The amazing adventures of Doug Hughes

This post will be the first in a short series of blog posts showing an overview of Data Warehousing with a slant on how we as ColdFusion developers may encounter it. In these articles we will use a simple database example.

The first major stepping stone in understanding Data Warehousing is to grasp the concepts and differences between the two overall database categories. The type most of us are used to dealing with is the On Line Transactional Processing (OLTP) category. I go into greater detail below. The other major category is On Line Analytical Processing (OLAP), in this design we are flattening out the data and the examples below should help to clarify this.
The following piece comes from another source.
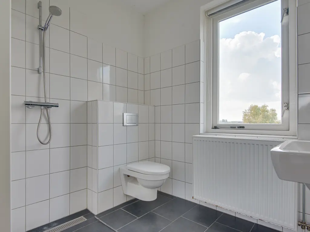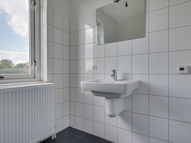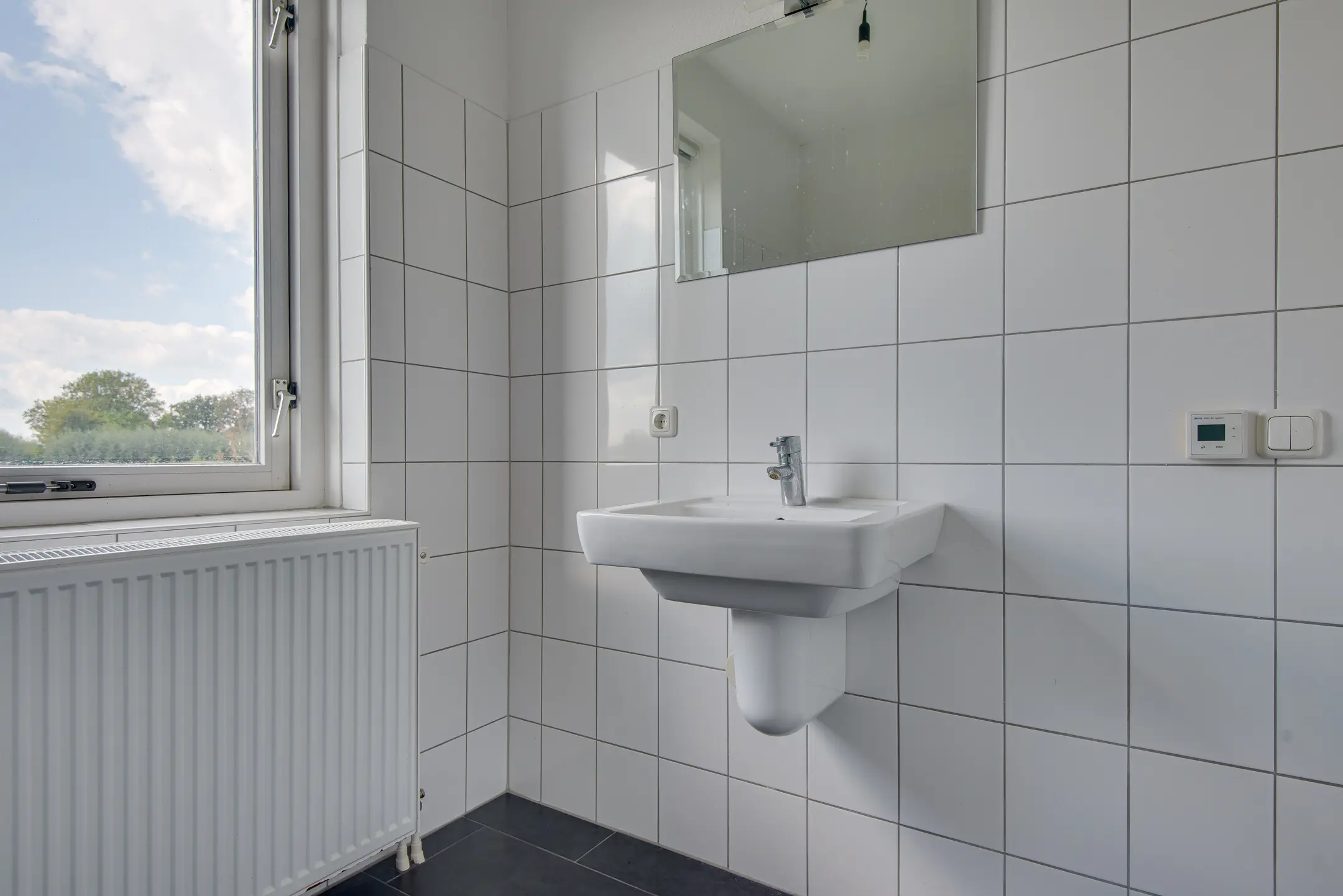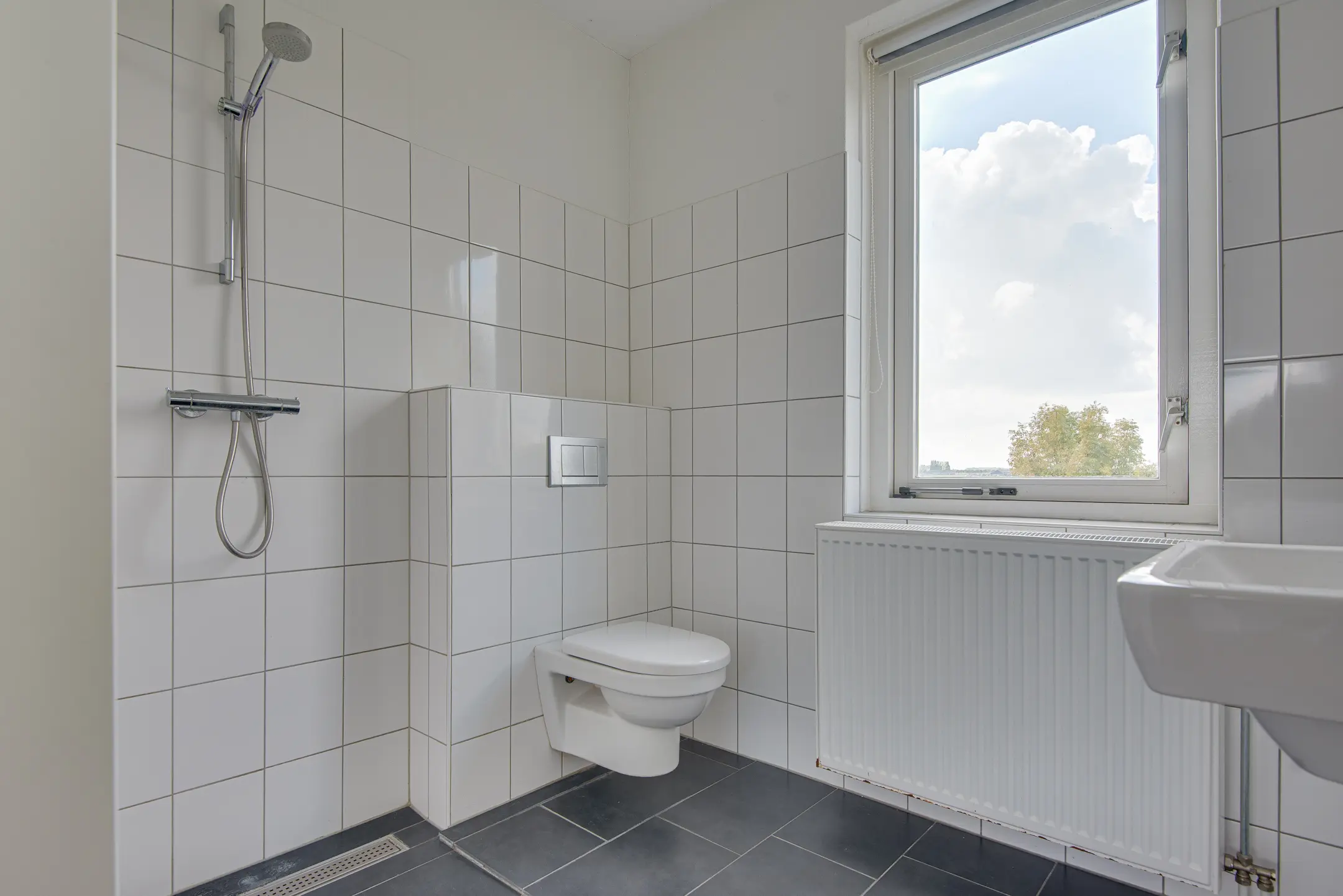 Op de eerste verdieping zijn drie keurige slaapkamers, allemaal voorzien van laminaatvloer, houten kozijnen met HR++ glas en elektrische rolluiken – ideaal voor een goede nachtrust. De volledig betegelde badkamer is uitgerust met een inloopdouche, een wastafel en hangend toilet van Villeroy & Boch en ook hier een elektrisch rolluik.
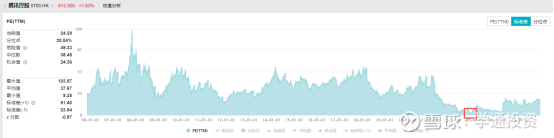 (2019-2022),腾讯也经历了宏观经济下行的压力测试:业务上,用户增长见顶,宏观经济承压,游戏行业监管调整,反垄断政策。2022年,腾讯迎来了上市以来首次年度营收下滑,下滑了1%。市场一度怀疑,巨头的增长故事是否已然终结。当时的估值也打到历史最低值,跌破10倍,股王跌到10倍,历史上看,都是重大的机会,茅台2014年跌破10倍;苹果2016年也跌破10倍。

Accessing data to produce required reports is a crucial need in most organizations; in this example we will take data contained in an OLTP format and create two notional OLAP modeled tables from the OLTP format of the data. The OLAP format is how we might hold that same data if our goal was to produce an efficient version of the same data for reporting on large numbers of records. This need for large reports with lots of data can sometimes conflict with the needs of storing data in the first place as the database structures needed to accept, store and easily manipulate data efficiently can be markedly different from the structures needed to produce effective reports from that same data. This is clearly illustrated if we look at the differences between two basic kinds of database categories:


This is what we would characterize as the ongoing day-to-day functional copy of the database. It is where data is added and updated but never overwritten or deleted. The main needs of the OLTP operational database being easily controlled insertion and updating of data with efficient access to data manipulation and viewing mechanisms. Typically only single record or small record-sets should be manipulated in a single operation in an OLTP designed database. The main thrust here is to avoid having the same data in different tables. This basic tenet of Relational Database modeling is known as normalizing data.
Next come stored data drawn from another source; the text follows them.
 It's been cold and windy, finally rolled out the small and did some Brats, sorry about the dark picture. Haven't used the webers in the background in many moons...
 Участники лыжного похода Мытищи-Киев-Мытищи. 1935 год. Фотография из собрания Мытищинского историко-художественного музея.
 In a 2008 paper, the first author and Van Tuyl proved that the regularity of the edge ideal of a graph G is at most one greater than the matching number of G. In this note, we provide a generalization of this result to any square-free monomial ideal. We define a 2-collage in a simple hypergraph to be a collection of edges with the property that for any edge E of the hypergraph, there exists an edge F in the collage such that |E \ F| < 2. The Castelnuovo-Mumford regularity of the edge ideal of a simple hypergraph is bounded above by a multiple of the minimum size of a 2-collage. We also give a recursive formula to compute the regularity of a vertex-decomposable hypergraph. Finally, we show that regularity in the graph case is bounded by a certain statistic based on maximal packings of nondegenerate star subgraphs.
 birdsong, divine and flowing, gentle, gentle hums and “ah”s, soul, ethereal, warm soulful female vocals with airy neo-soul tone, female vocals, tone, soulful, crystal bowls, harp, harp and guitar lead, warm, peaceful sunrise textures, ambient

Here is an example of a simple OLTP normalized database. (By the way I use Visio to create this and it is a bit quirky in accurately assigning Foreign Keys (FK)). The main thing to note is the number of tables and the relationships. This is really a simple database with in essence, people, companies and related items. In order to pull meaningful reports we have to join tables at the query level. In larger databases that are not well designed this can be a very challenging and inefficient process.



OLAP is a broad term that also encompasses data warehousing. In this model data is stored in a format which enables the efficient creation of data mining/reports. OLAP design should accommodate reporting on very large record sets with little degradation in operational efficiency. The overall term used to describe taking data structures in an OLTP format and holding the same data in an OLAP format is Dimensional Modeling It is the primary building block of Data Warehousing and we will go into greater detail on what that is and how it is used in a later blog post. Data in an OLAP database should always be read-only.
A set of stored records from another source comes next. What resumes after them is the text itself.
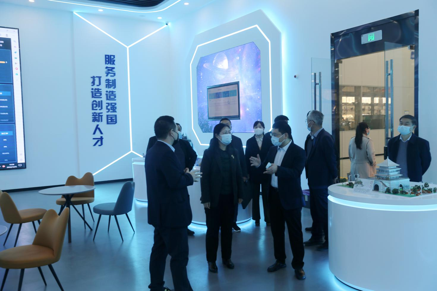 会前,马烨副县长与我校主要领导进行了深入交流,并在田昊副书记的陪同下,考察参观了学校先进制造技术工程中心、5G+智能成型实训基地、欧姆龙实训基地、学马研习·践创空间等教学实训场所。
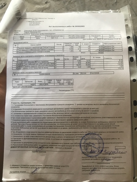 | Агрегат (работа): | Элементы заднего стабилизатора поперечной устойчивости (втулки, стойки) | |
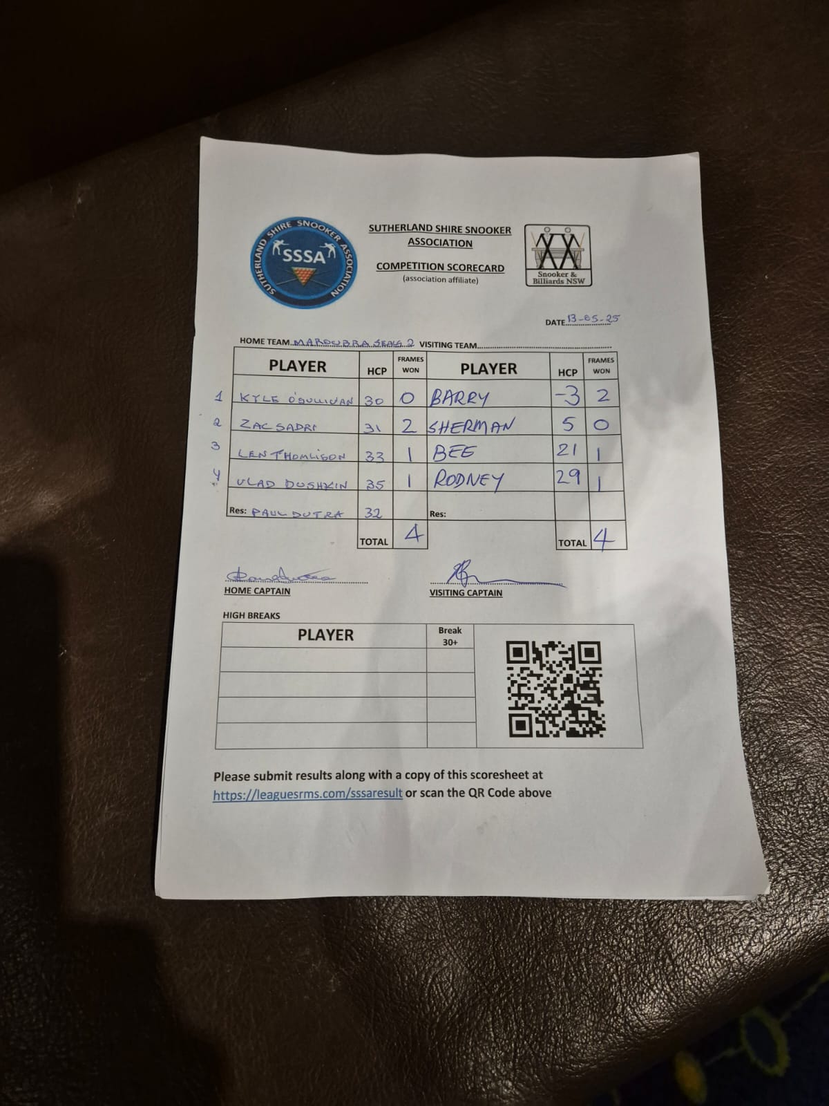 | POS | Maroubra Seals #2 | Frame Won | Break | St George #1 | Frame Won | Break | Result Note | Updated on | Update by |
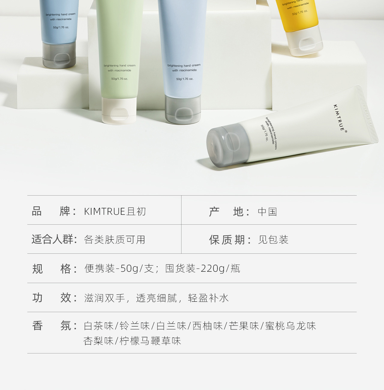 KIMTRUE且初 烟酰胺润养焕亮护手霜 50g 蜜桃乌龙味柠檬马鞭草味杏梨味芒果味
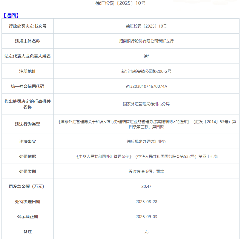 9月3日,国家外汇管理局江苏省分局官网更新行政处罚信息显示,招商银行股份有限公司新沂支行因“违反规定办理结汇业务”的违法事实,被国家外汇管理局徐州市分局处以“没收违法所得,罚款”的行政处罚,罚没款金额为20.47万元。
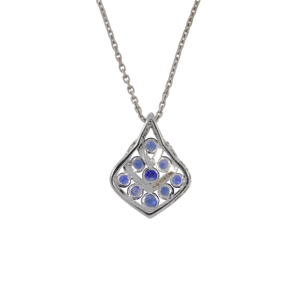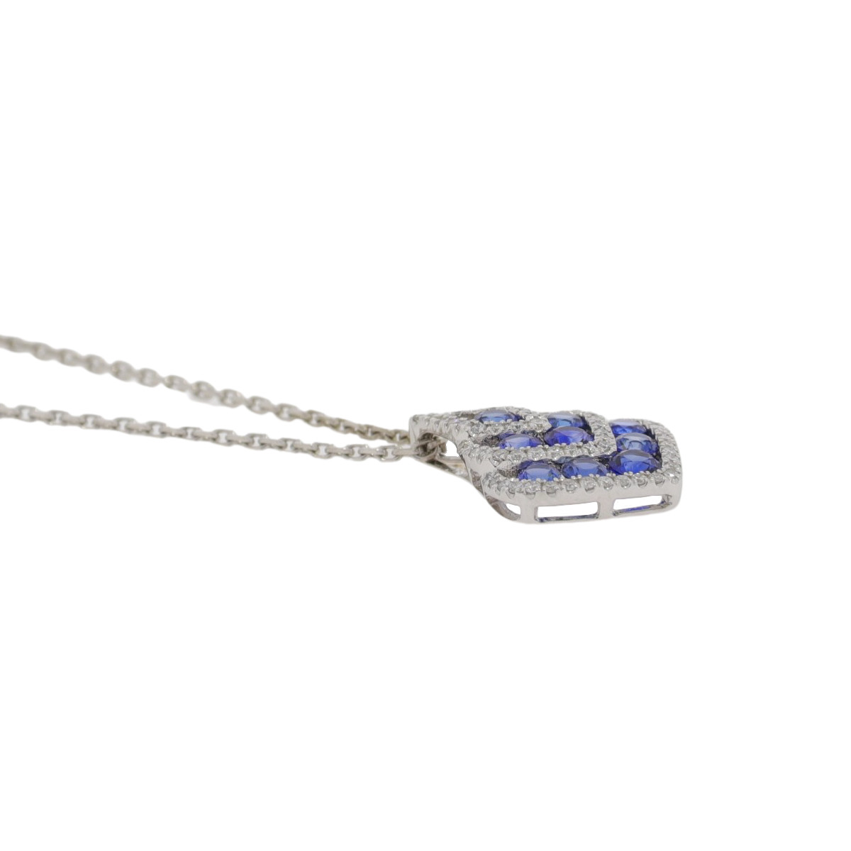 This beautiful sapphire and diamond pendant has nine circular cut sapphires in a bright vibrant blue. These are set in cascading rows graduating in width and each surrounded by a row of brilliant cut diamonds, mounted neatly in 18ct white gold mount and on a faceted trace 18ct white gold chain.
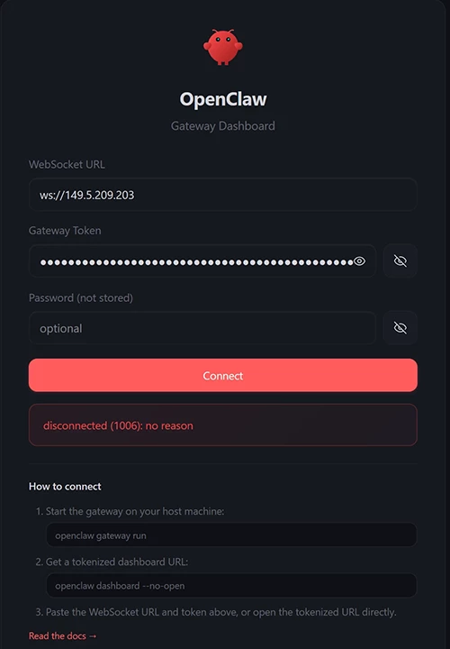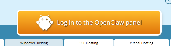 Для начала работы перейдите в личный кабинет и нажмите кнопку Log in to the OpenClaw panel.

Here is an example of how some of the data shown above might be stored in an OLAP format for the purpose of producing large reports of a particular extract of the OLTP data format above. Here we created a dimensional model of two types of user reports. One for details of where users live the other of where they work, note that the same data is now in a de-normalized state. The OLTP and OLAP data could be kept synchronized by using Transactional Replication. It is important to note that all day-to-day manipulation of the data is carried out in the OLTP format database; the OLAP version being a replicated, read-only copy.


We have two tables here that contain data from the OLTP database but in this case it is in a much more flattened state. In this case we could and probably would have lots of repeated data particularly in the ReportPeopleWork table. In an OLAP model repetition is not necessarily a bad thing.

In this first article we have demonstrated some differences between OLTP and OLAP database types.

Firstly all transactions on the data are carried out in the OLTP, transactional, copy of the database. The normalized structure is best for ensuring that little or no data is repeated. Basic user information is contained in the People table, the home and work address for the user is maintained in the Location table and the home address work address for each person is determined by the Locationtype. These different tables are related via Link tables. All adding and updating of data is done in the OLTP database.

Secondly data which needs to be used in large recordsets in a read-only format, such as for reporting, is best held in an OLAP format. Here each table can be thought of in the same way as we might think of an object in OO programming paradigms, with each row in the table being a single complete object. There still may be reasons for linking tables but in the OLAP model this should be kept to a bare minimum. An excessive need for linking tables in the OLAP database probably denotes a structural weakness in how the OLAP database was modeled.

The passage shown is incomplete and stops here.